GIVEN RECORDS below:
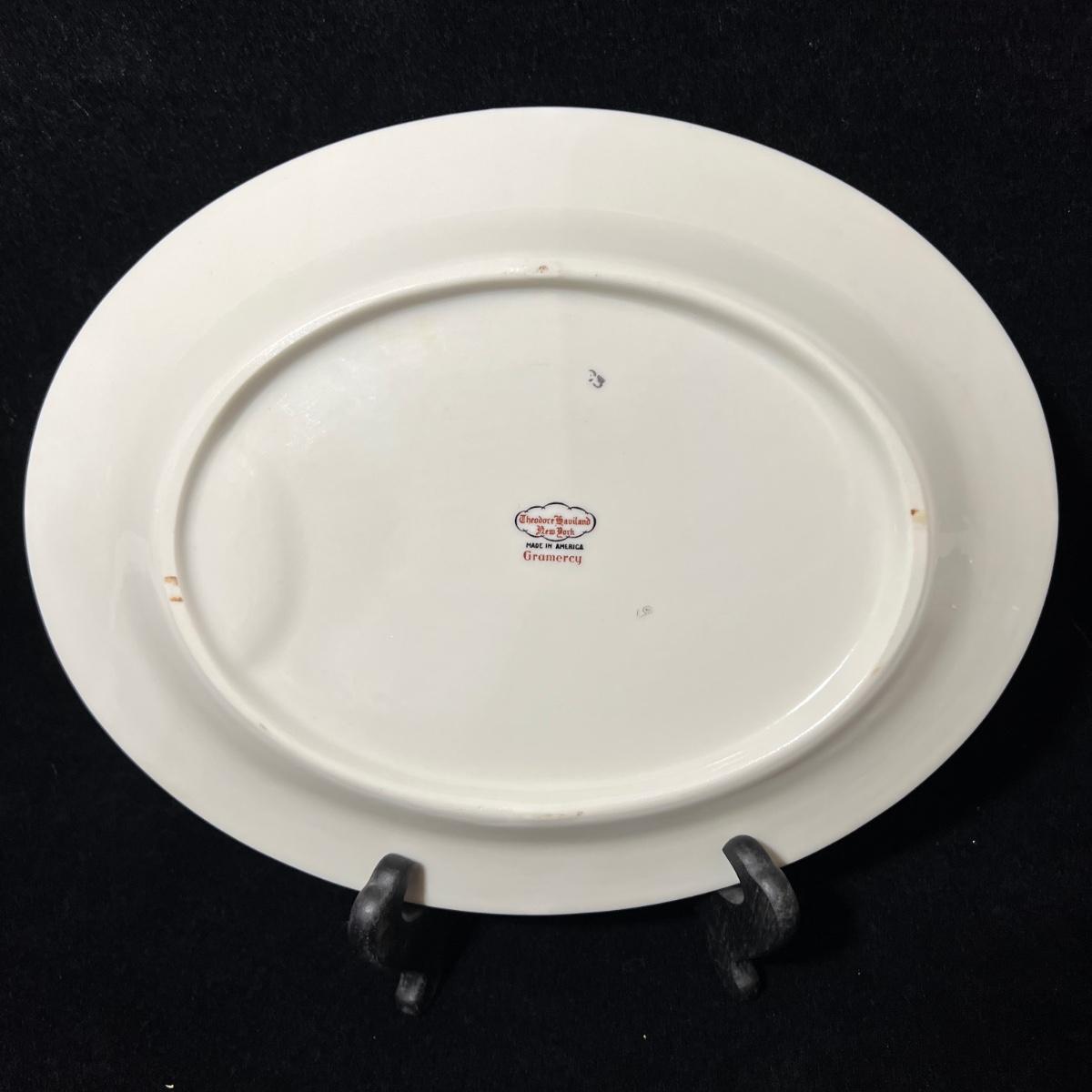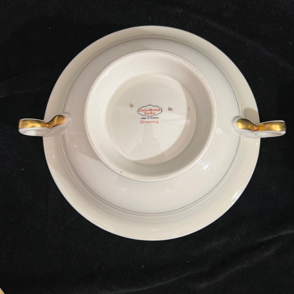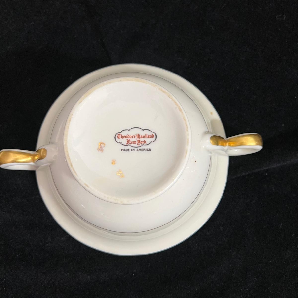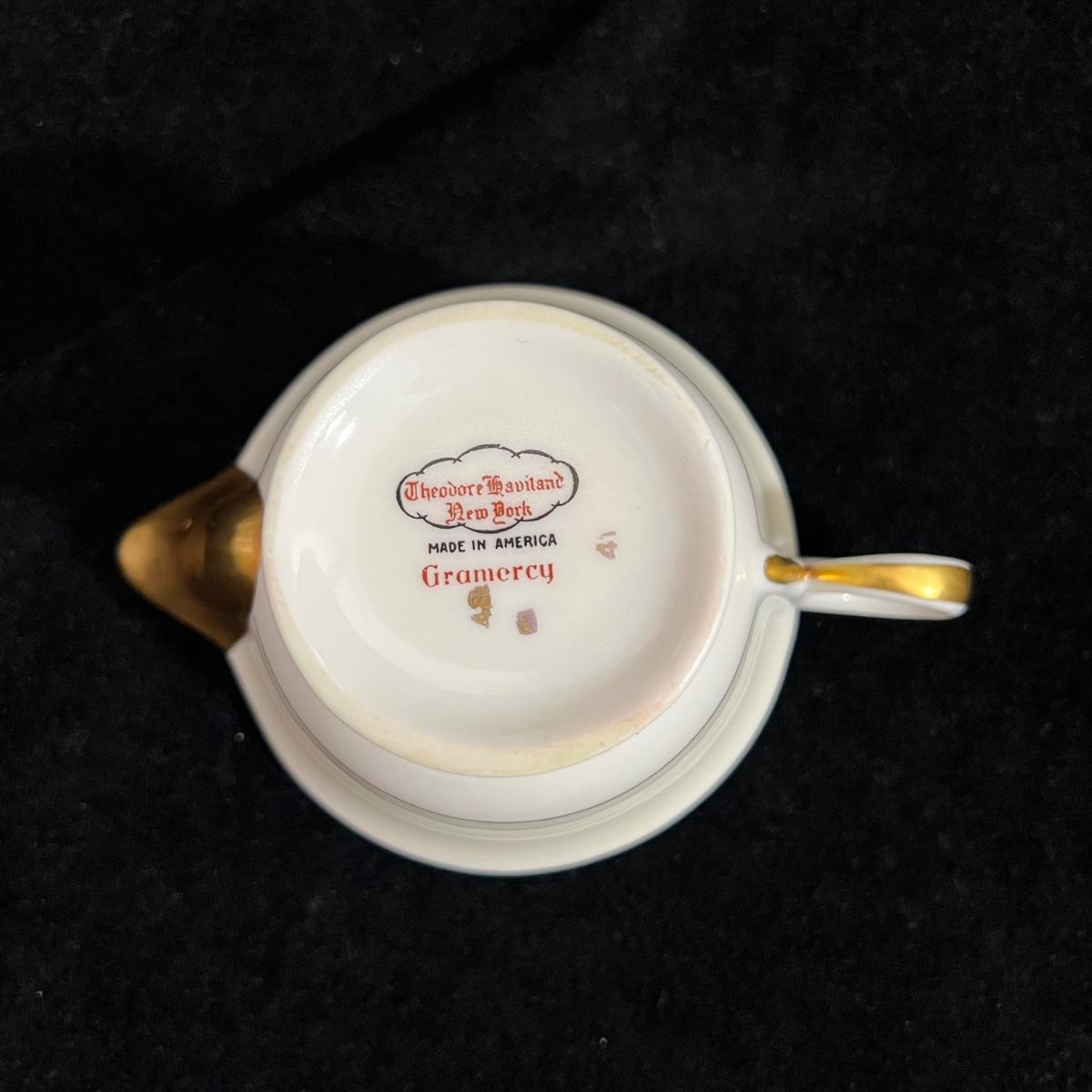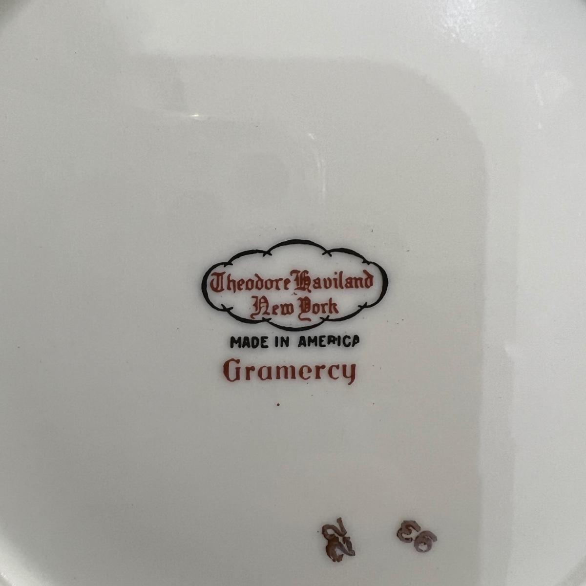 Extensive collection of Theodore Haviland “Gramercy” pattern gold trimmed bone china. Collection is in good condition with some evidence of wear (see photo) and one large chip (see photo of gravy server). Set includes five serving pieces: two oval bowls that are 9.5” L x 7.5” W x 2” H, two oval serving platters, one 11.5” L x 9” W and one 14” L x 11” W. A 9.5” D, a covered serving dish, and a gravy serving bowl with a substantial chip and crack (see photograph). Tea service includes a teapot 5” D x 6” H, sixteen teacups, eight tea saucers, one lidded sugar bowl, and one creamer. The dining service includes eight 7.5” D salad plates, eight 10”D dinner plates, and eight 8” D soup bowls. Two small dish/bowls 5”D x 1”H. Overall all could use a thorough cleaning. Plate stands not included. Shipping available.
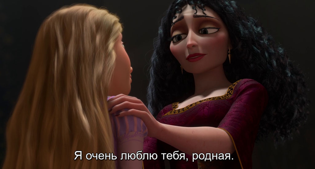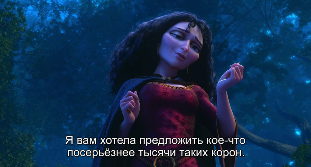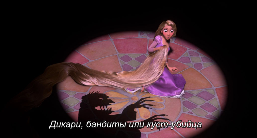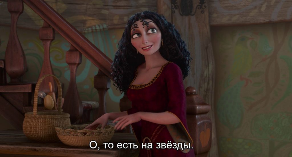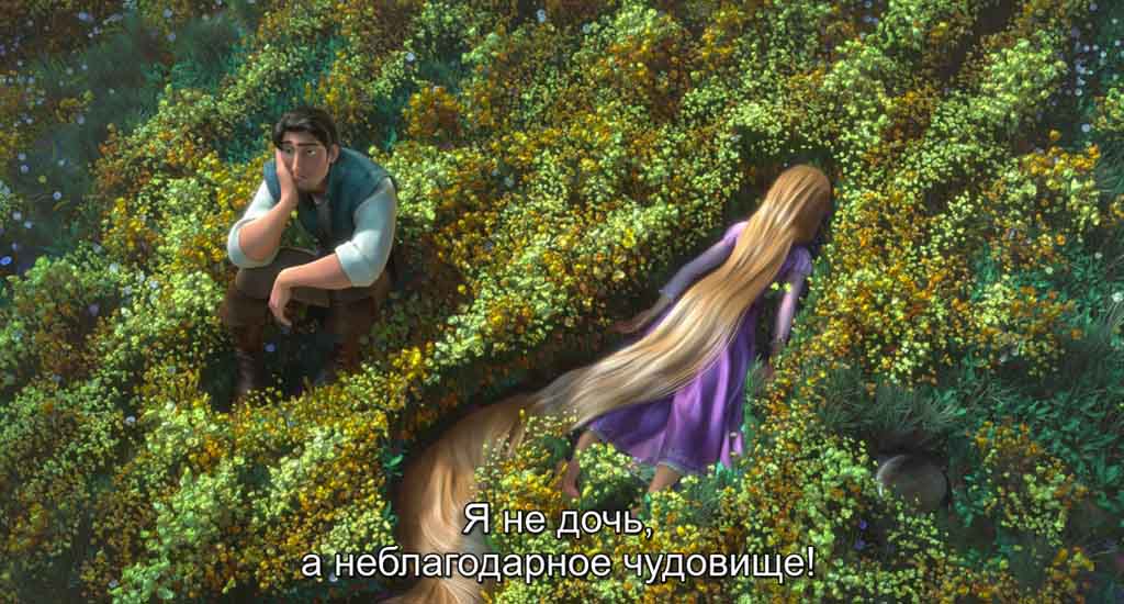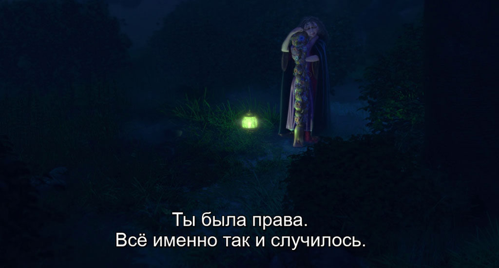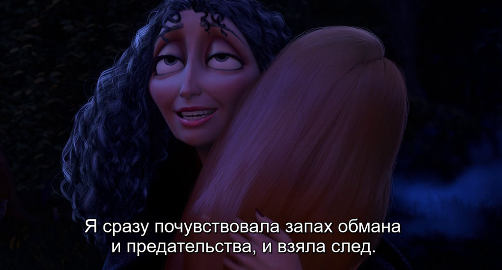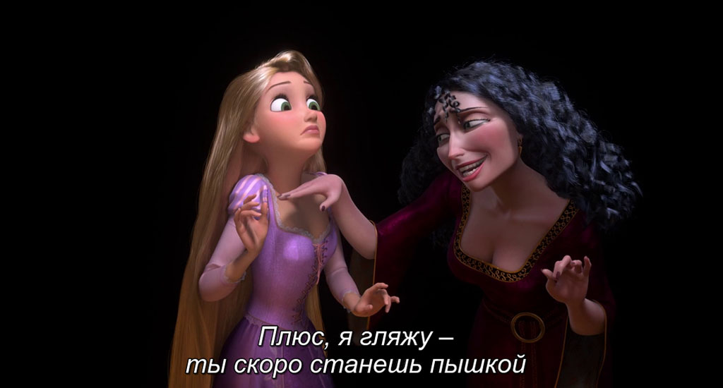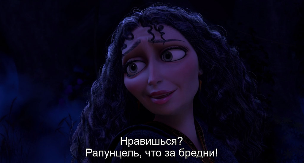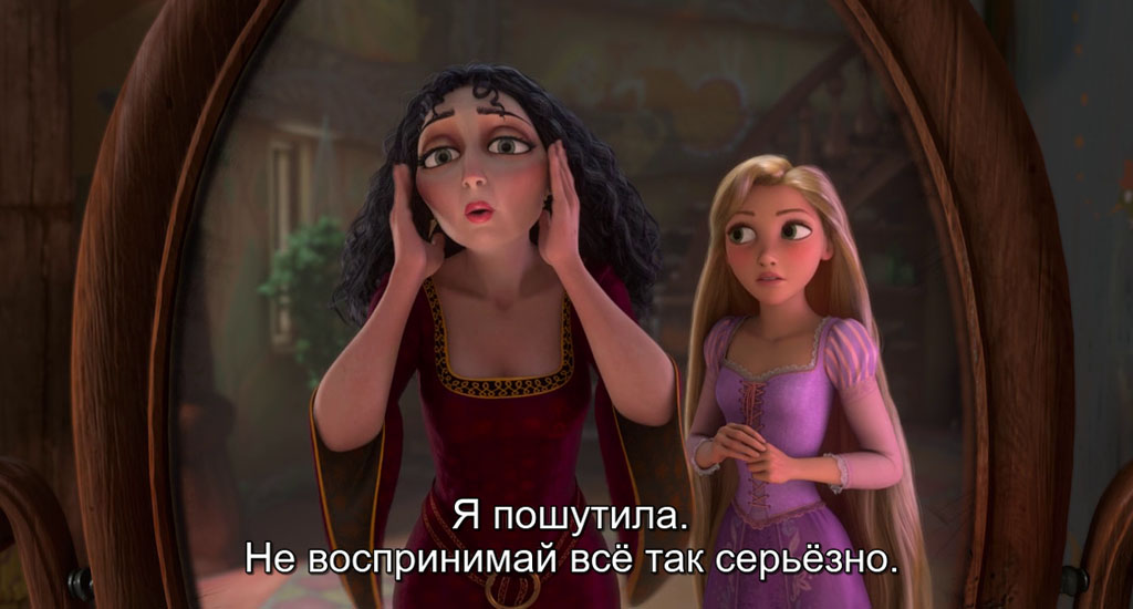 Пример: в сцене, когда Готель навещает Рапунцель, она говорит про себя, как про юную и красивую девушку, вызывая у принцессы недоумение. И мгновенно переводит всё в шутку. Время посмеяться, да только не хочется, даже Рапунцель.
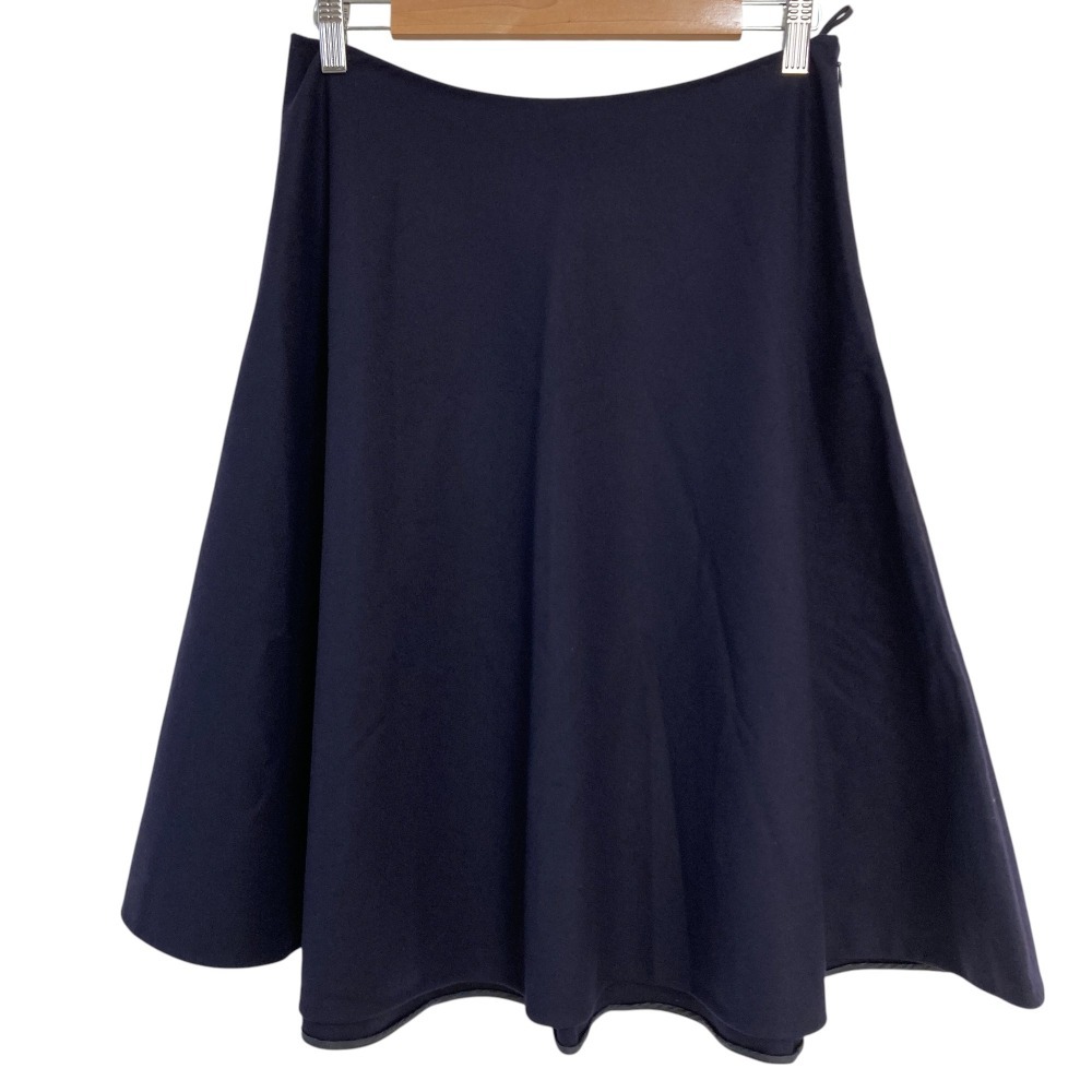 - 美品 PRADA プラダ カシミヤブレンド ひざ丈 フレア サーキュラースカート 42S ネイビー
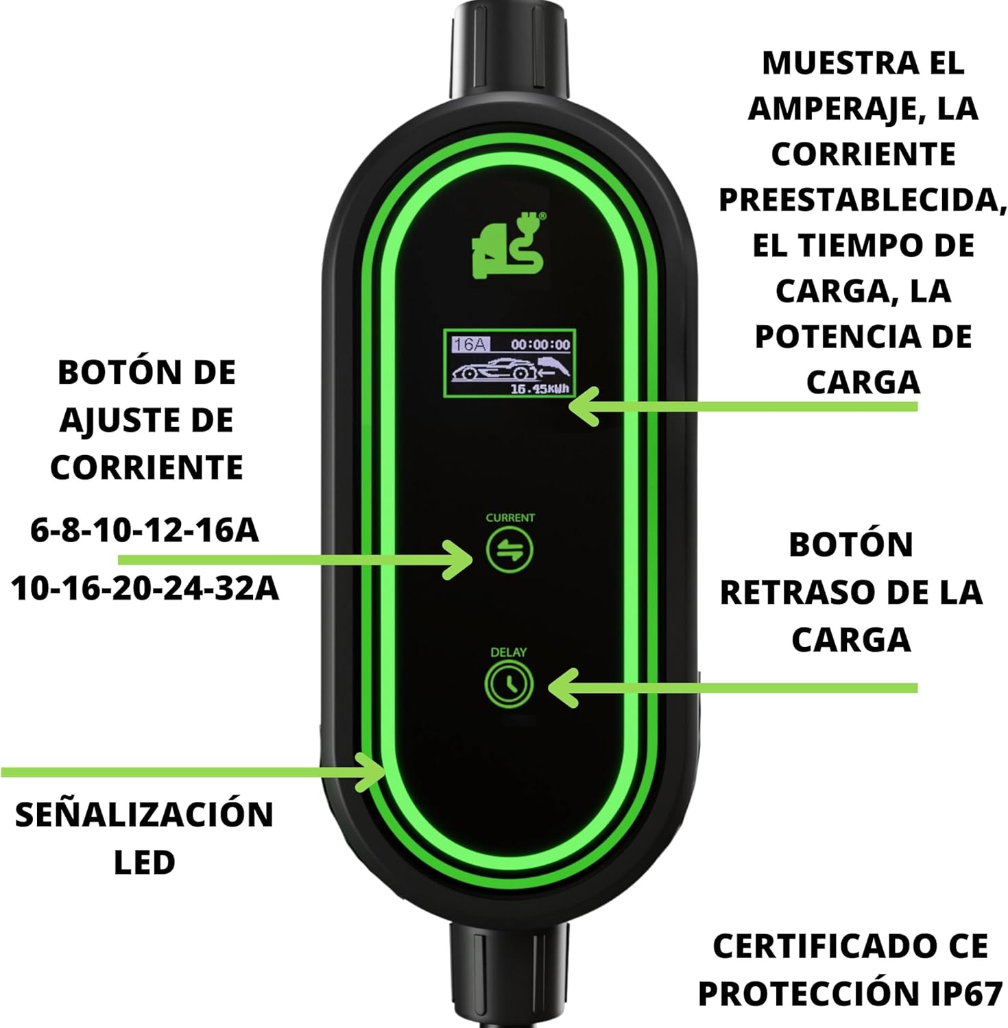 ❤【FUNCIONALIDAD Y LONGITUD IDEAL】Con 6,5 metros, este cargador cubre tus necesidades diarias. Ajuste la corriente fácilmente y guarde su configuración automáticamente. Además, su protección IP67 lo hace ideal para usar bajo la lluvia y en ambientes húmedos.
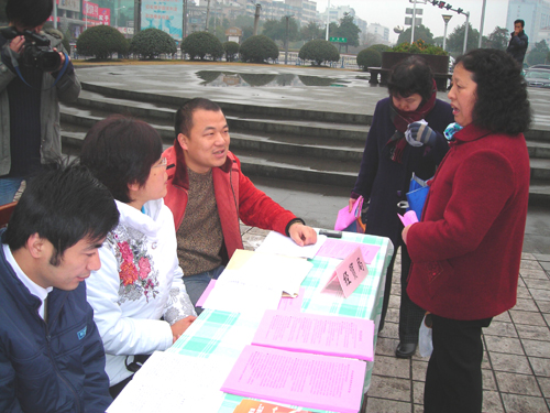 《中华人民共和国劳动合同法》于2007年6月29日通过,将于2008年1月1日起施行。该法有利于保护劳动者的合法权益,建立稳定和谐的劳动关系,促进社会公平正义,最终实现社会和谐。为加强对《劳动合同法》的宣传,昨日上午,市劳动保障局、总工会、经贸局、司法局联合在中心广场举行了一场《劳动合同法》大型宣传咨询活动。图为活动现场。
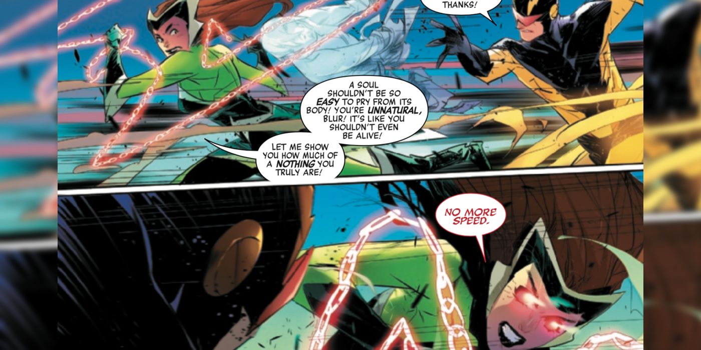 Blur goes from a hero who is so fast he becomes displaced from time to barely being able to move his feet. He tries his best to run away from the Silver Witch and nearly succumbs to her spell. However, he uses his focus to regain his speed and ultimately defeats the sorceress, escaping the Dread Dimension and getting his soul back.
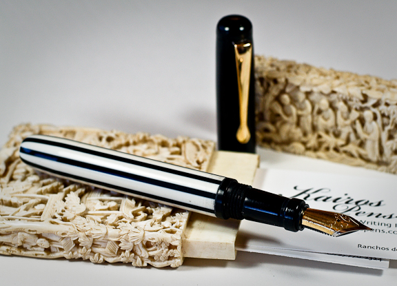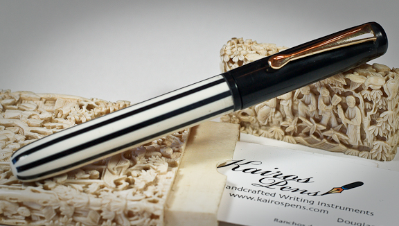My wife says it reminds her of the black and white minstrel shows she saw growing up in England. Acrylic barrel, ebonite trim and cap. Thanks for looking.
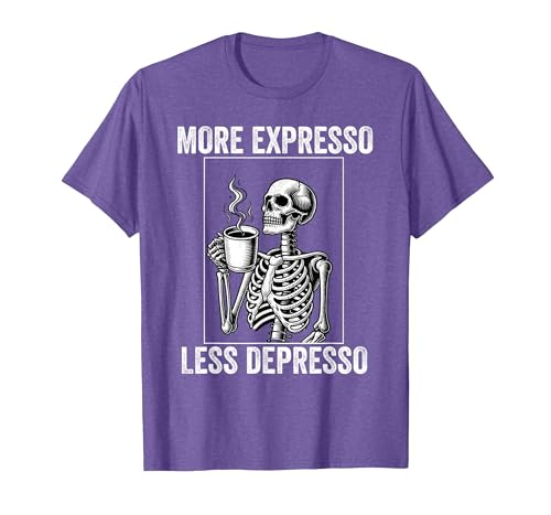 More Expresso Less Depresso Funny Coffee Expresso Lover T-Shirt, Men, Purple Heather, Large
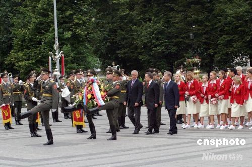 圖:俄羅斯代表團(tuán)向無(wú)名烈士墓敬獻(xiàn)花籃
End of GIVEN RECORDS.
**INSTRUCTIONS TO FOLLOW**
The response must consist of the entries above exactly as they stand, minus any pictures.

**COMPLETED TASK**
 Extensive collection of Theodore Haviland “Gramercy” pattern gold trimmed bone china. Collection is in good condition with some evidence of wear (see photo) and one large chip (see photo of gravy server). Set includes five serving pieces: two oval bowls that are 9.5” L x 7.5” W x 2” H, two oval serving platters, one 11.5” L x 9” W and one 14” L x 11” W. A 9.5” D, a covered serving dish, and a gravy serving bowl with a substantial chip and crack (see photograph). Tea service includes a teapot 5” D x 6” H, sixteen teacups, eight tea saucers, one lidded sugar bowl, and one creamer. The dining service includes eight 7.5” D salad plates, eight 10”D dinner plates, and eight 8” D soup bowls. Two small dish/bowls 5”D x 1”H. Overall all could use a thorough cleaning. Plate stands not included. Shipping available.
 Пример: в сцене, когда Готель навещает Рапунцель, она говорит про себя, как про юную и красивую девушку, вызывая у принцессы недоумение. И мгновенно переводит всё в шутку. Время посмеяться, да только не хочется, даже Рапунцель.
 - 美品 PRADA プラダ カシミヤブレンド ひざ丈 フレア サーキュラースカート 42S ネイビー
 ❤【FUNCIONALIDAD Y LONGITUD IDEAL】Con 6,5 metros, este cargador cubre tus necesidades diarias. Ajuste la corriente fácilmente y guarde su configuración automáticamente. Además, su protección IP67 lo hace ideal para usar bajo la lluvia y en ambientes húmedos.
 《中华人民共和国劳动合同法》于2007年6月29日通过,将于2008年1月1日起施行。该法有利于保护劳动者的合法权益,建立稳定和谐的劳动关系,促进社会公平正义,最终实现社会和谐。为加强对《劳动合同法》的宣传,昨日上午,市劳动保障局、总工会、经贸局、司法局联合在中心广场举行了一场《劳动合同法》大型宣传咨询活动。图为活动现场。
 Blur goes from a hero who is so fast he becomes displaced from time to barely being able to move his feet. He tries his best to run away from the Silver Witch and nearly succumbs to her spell. However, he uses his focus to regain his speed and ultimately defeats the sorceress, escaping the Dread Dimension and getting his soul back.
My wife says it reminds her of the black and white minstrel shows she saw growing up in England. Acrylic barrel, ebonite trim and cap. Thanks for looking.
 More Expresso Less Depresso Funny Coffee Expresso Lover T-Shirt, Men, Purple Heather, Large
 圖:俄羅斯代表團(tuán)向無(wú)名烈士墓敬獻(xiàn)花籃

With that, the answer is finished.